--- START ---

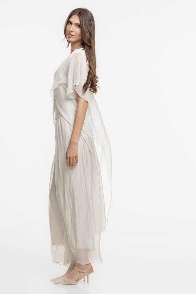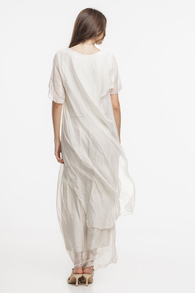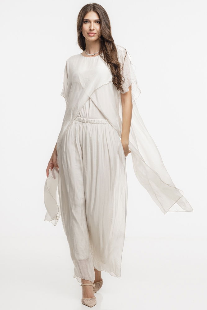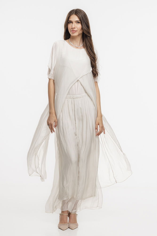 Compleu rafinat din matase naturala, compus din bluza lunga cu croiala fluida si pantalon lejer. Materialul delicat si translucid confera tinutei o eleganta diafana si un confort deosebit. Bluza are maneci scurte si suprapuneri asimetrice care se misca lejer la fiecare pas, iar pantalonul are talie elastica pentru un plus de libertate. Ideal pentru ocazii speciale, evenimente estivale sau tinute sofisticate de zi.
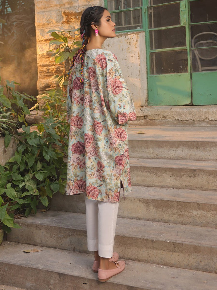 Straight shirt with kimono sleeve and round neck with a v cut.
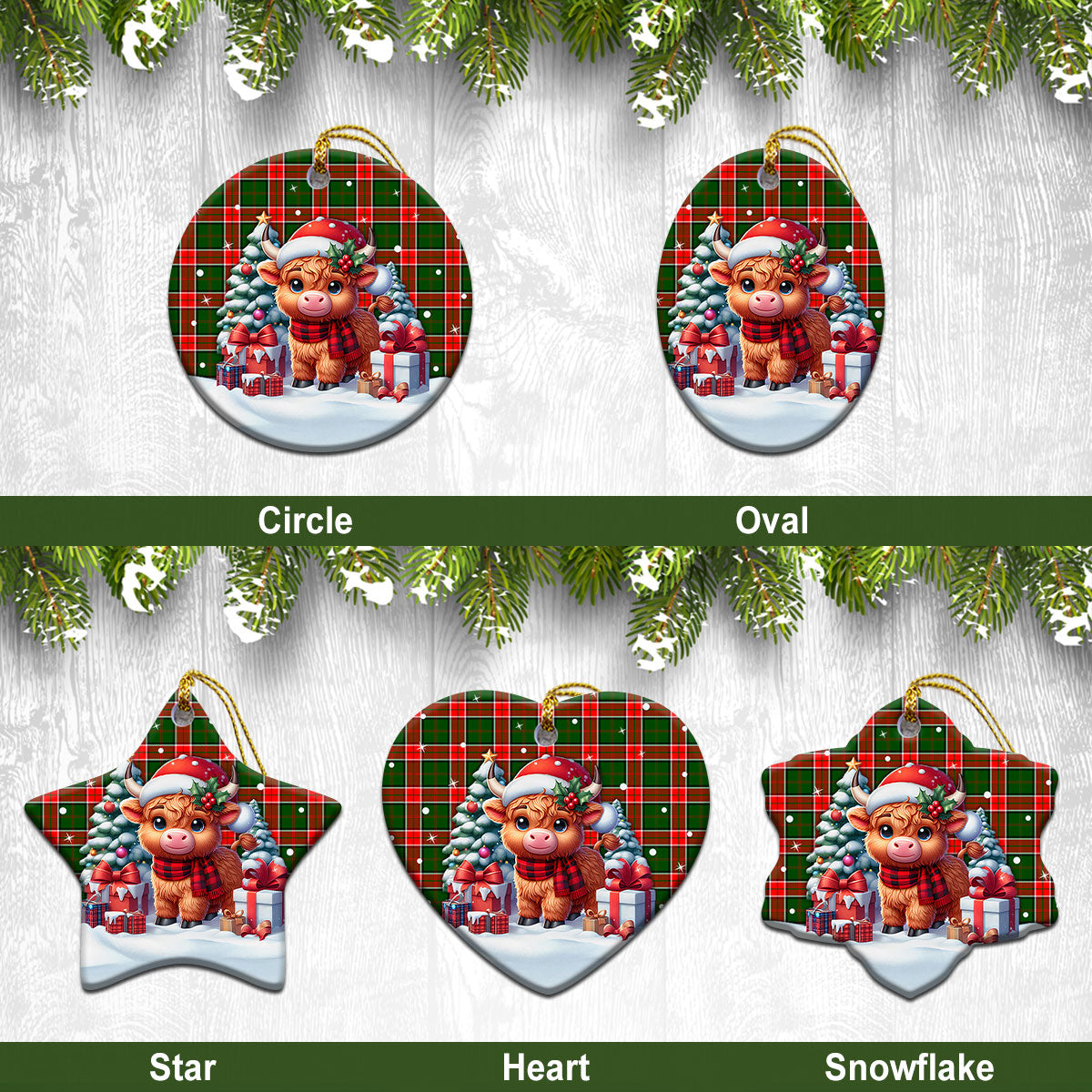 Pollock Tartan Christmas Ceramic Ornament - Highland Cow Winter Style
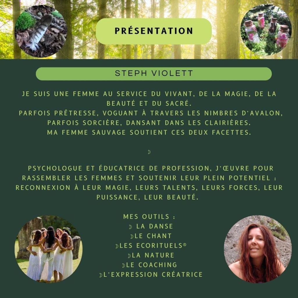 « Merci Steph ! C’était encore plus génial que tout ce que j’avais imaginé, et je l’attendais depuis longtemps cette retraite « Femmes Sauvages » ! Merci pour ta magie, pour la qualité des espaces créés, pour ton écoute, pour ton authenticité. Merci de nous créer des espaces de sécurité où on peut être libres. » D.
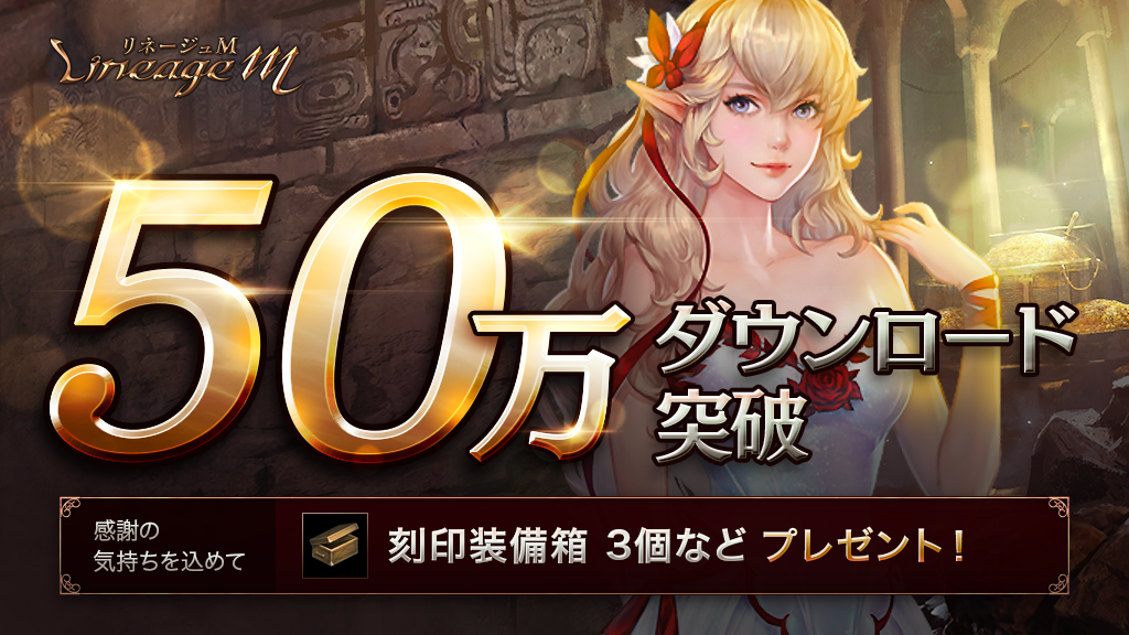 いつもご利用ありがとうございます。 リネージュMサービスチームです。 リネージュMがわずか5日間で50万ダウンロードを突破しましたので、お知らせいたします。
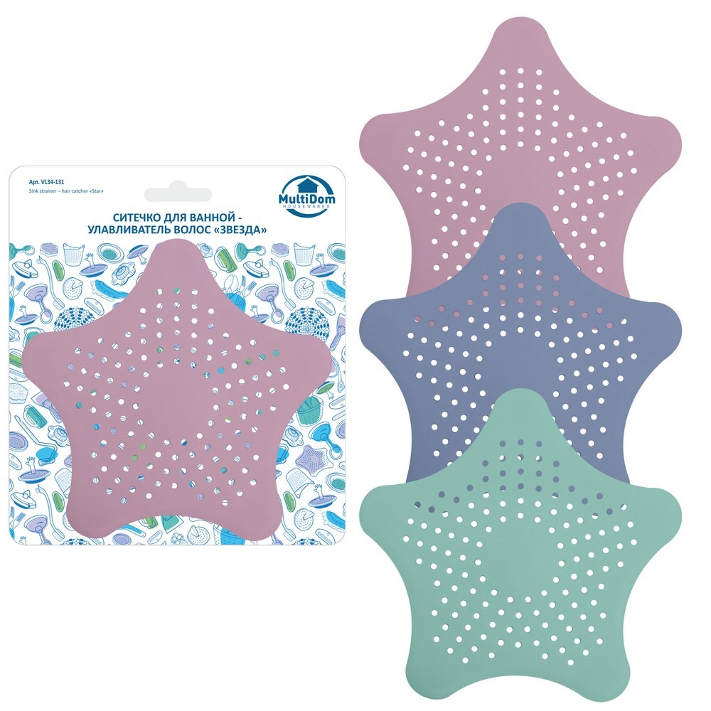 Ситечко выполнено в форме звезды. Оригинальный дизайн украсит вашу ванную комнату или кухню. Изделие изготовлено из TPR – прочного материала, способного длительное время подвергаться воздействию влаги.

--- END ---

Task item: Within the entries above, the lines from the one with "Merci Steph !" through the final line are to be printed exactly, with the pictures removed.

Task answer:
 « Merci Steph ! C’était encore plus génial que tout ce que j’avais imaginé, et je l’attendais depuis longtemps cette retraite « Femmes Sauvages » ! Merci pour ta magie, pour la qualité des espaces créés, pour ton écoute, pour ton authenticité. Merci de nous créer des espaces de sécurité où on peut être libres. » D.
 いつもご利用ありがとうございます。 リネージュMサービスチームです。 リネージュMがわずか5日間で50万ダウンロードを突破しましたので、お知らせいたします。
 Ситечко выполнено в форме звезды. Оригинальный дизайн украсит вашу ванную комнату или кухню. Изделие изготовлено из TPR – прочного материала, способного длительное время подвергаться воздействию влаги.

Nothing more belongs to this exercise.